Pray for Pikmin: The Sad, Short Lives of Nintendo’s Hardest-Working Little Guys

Games Features Pikmin 4
Pray for Pikmin: The Sad, Short Lives of Nintendo’s Hardest-Working Little Guys

Pikmin 4 reminds us of what has always been true: Pikmin are born tear jerkers and perfect victims. These tiny little walking flowers grind their way through lives of service to otherworldly masters who dispose of them like so much trash, cheerfully marching to oblivion to scrounge up whatever litter catches their owner’s eyes or to sacrifice themselves to the deadly plant-beast mutants that beset their prison planet. When their mercifully brief lives come to a close, their visible souls drift skyward as they let out a death moan, a moment that always ends in tears no matter how many times you see it. Despite their tiny voices and strong personalities, Pikmin are a resource and not a community, the game forces upon us; we’re encouraged to treat them as expendable, especially the common ones that can be grown with pellets, and then immediately made to feel guilty about our poor leadership whenever one dies. It’s heartless and cruel, but so are we by prioritizing our own needs over their safety and security. It’s also, intentionally or not, a grim precis of what we all have to look forward to. The Pikmin’s life is sad, short, and defined by toil, and ultimately so are ours. Shit. At least they’re really cute. 

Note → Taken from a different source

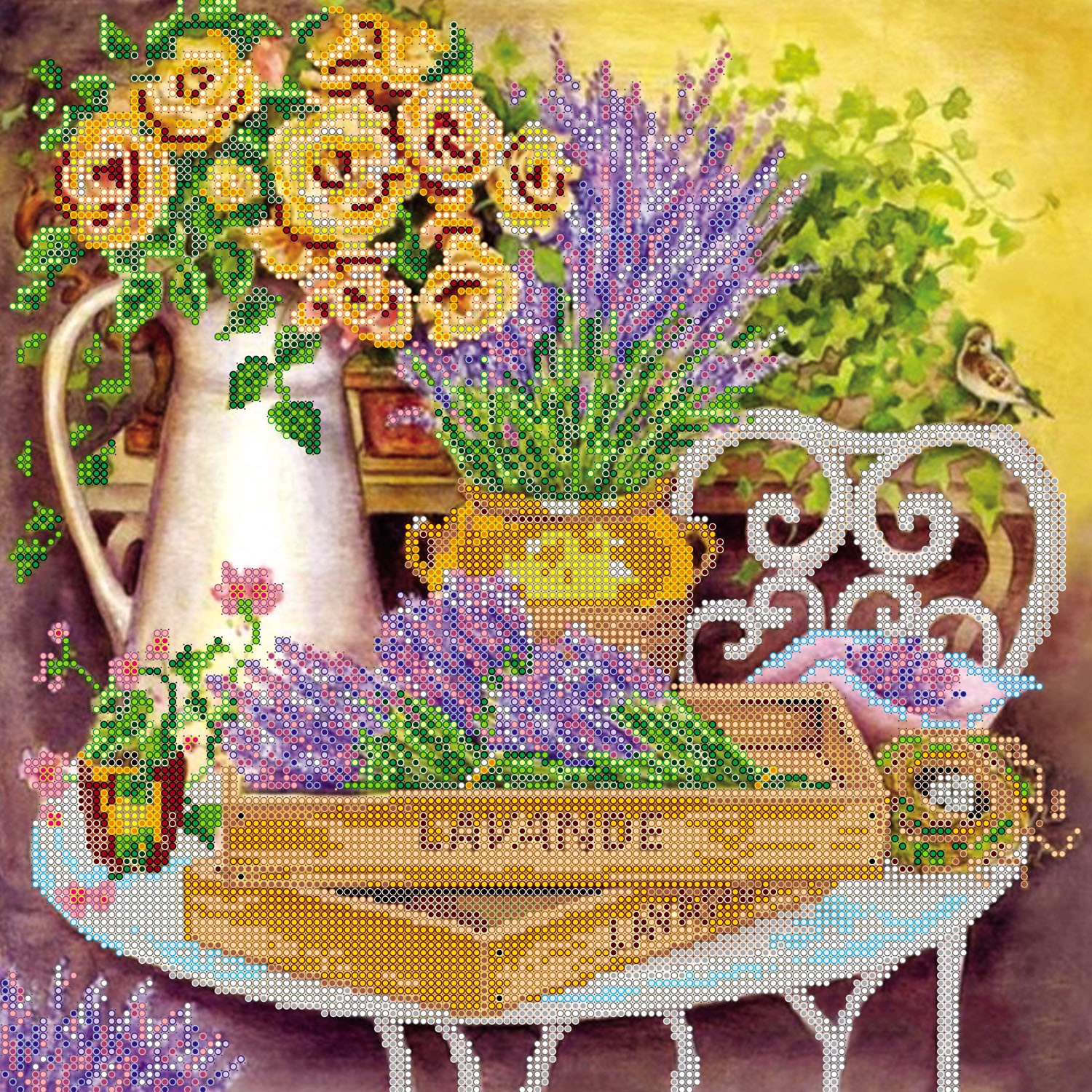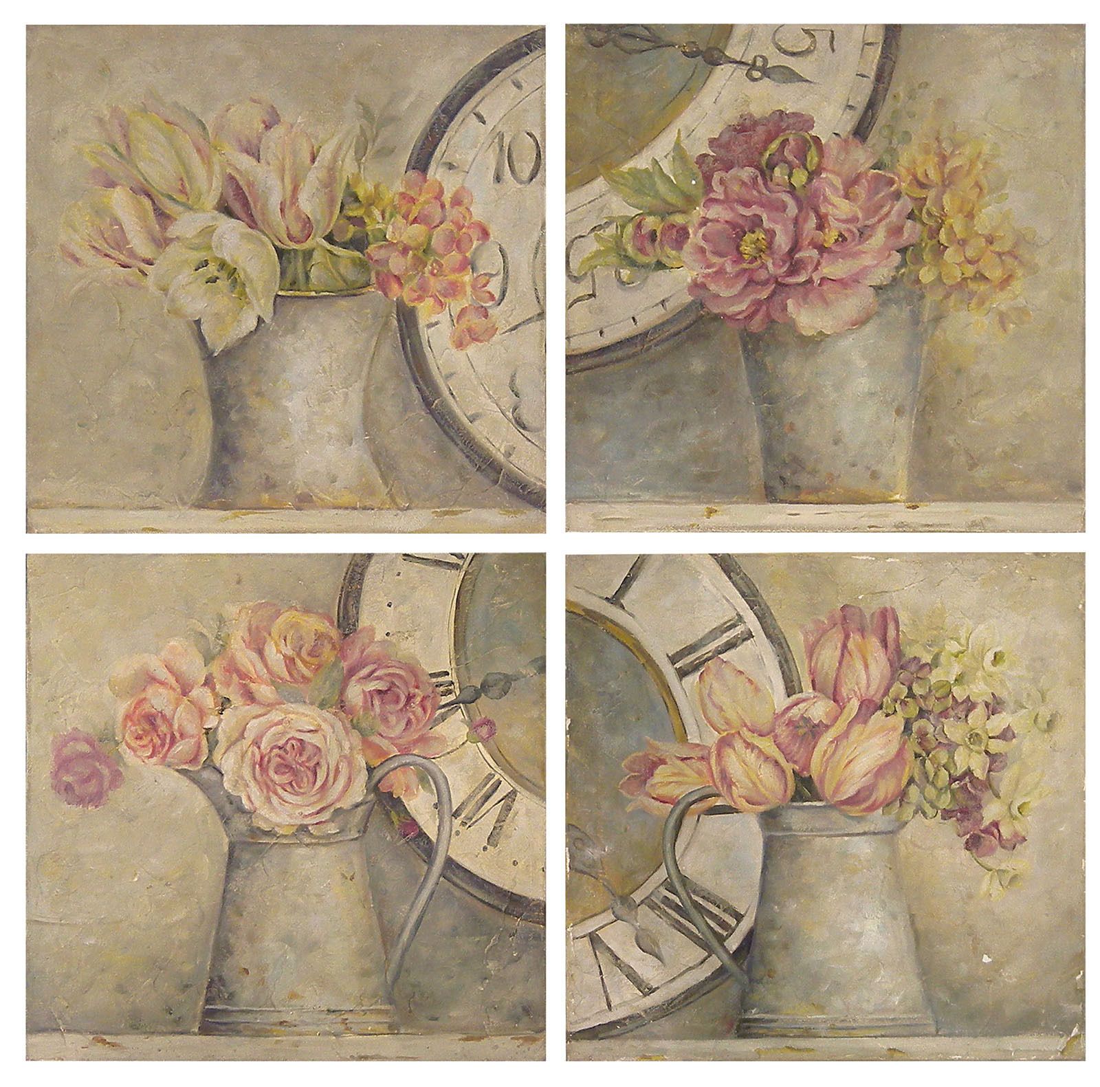. Лаванда – «визитная карточка» Прованса, поэтому полотна с ней всегда будут беспроигрышным вариантом. Наряду с лавандой нередко применяют изображения роз, но не красных, а приглушенных бежевых, пудровых. Картины с розами украсят спальню молодой девушки, семейной пары. Во многих случаях цветы изображаются в старых вазах, треснувших от времени кувшинах.

I am not really cute. I also have never died at work—or, if I have, the afterlife is remarkably like the one that came before it—despite wishing I had before. Who hasn’t had to work through gut-wrenching stress or soul-destroying boredom, that combination of fear, worry, and weariness that is the default mode so many of us live in? We hate our jobs but are frightened of what will happen if they end. We resent having to devote so much of our lives to people and places that view us as faceless, interchangeable parts that will inevitably have to be replaced, who reserve the right to upend our entire existence for any reason whatsoever. I’ve known the grind of the Pikmin, but never really felt the cheer or grace they maintain in the face of their ultimate irrelevance. The closest was when I sold frozen yogurt to suburban kids after swim meets; at least there I could actually see firsthand people enjoying the commodity whose production was a piece of my own death.

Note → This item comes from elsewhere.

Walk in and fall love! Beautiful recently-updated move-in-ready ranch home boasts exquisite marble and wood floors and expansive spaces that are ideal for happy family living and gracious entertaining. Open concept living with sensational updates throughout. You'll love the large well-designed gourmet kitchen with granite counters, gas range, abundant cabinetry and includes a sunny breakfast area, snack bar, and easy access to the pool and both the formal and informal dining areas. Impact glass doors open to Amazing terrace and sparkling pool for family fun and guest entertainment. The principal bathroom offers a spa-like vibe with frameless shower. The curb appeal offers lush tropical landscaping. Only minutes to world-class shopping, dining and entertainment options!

That familiarity is why we feel for these Pikmin when they expire at our command. But there’s also a sense of relief that it’s them and not us, along with the casual sadism of despoiling creatures so adorable and pure. We sympathize with the Pikmin, but we know we’re not their equal, and take malicious joy in the rare opportunity of being an all-powerful boss with life or death control over them. It’s fun to be a god, even if only through a screen.

Through it all Pikmin seem completely unbothered by their brutal lives, ready and willing to do literally anything we ask them to. That might make them seem brave or unworried, two things we should all aspire to be, and yet we shouldn’t aspire to be Pikmin. We might have bosses, but we don’t have masters, not the way Pikmin do. We shouldn’t throw it all away because the people we work for ask us to. We need to stand up for ourselves, support our fellow workers, and let the people in control know they don’t own us, and that they can’t toss us en masse onto the back of a weird bug-vegetable hybrid, and that we won’t carry that sponge or rubber duck or plastic cocktail sword back to their spaceship . 

The Pikmin need the same. They have no work-life balance. They are work, purely and completely, with no real life to speak of. They deserve better. They deserve not to be regularly, systematically crushed under the boot of their oppressors. Despite their cheerful devotion to work, Pikmin need something that’ll keep their best interests in sight, something that will protect them even if they don’t realize they need protecting—-just like the people who make videogames, who routinely work extreme overtime for months in a row, jeopardizing their own physical, mental, and emotional health, along with their relationships, to serve uncaring overlords who view them solely as numbers on a spreadsheet. Ultimately every Pikmin game has one single, overriding message, and it’s one we should all be able to relate to: Pikmin need a goddamned union.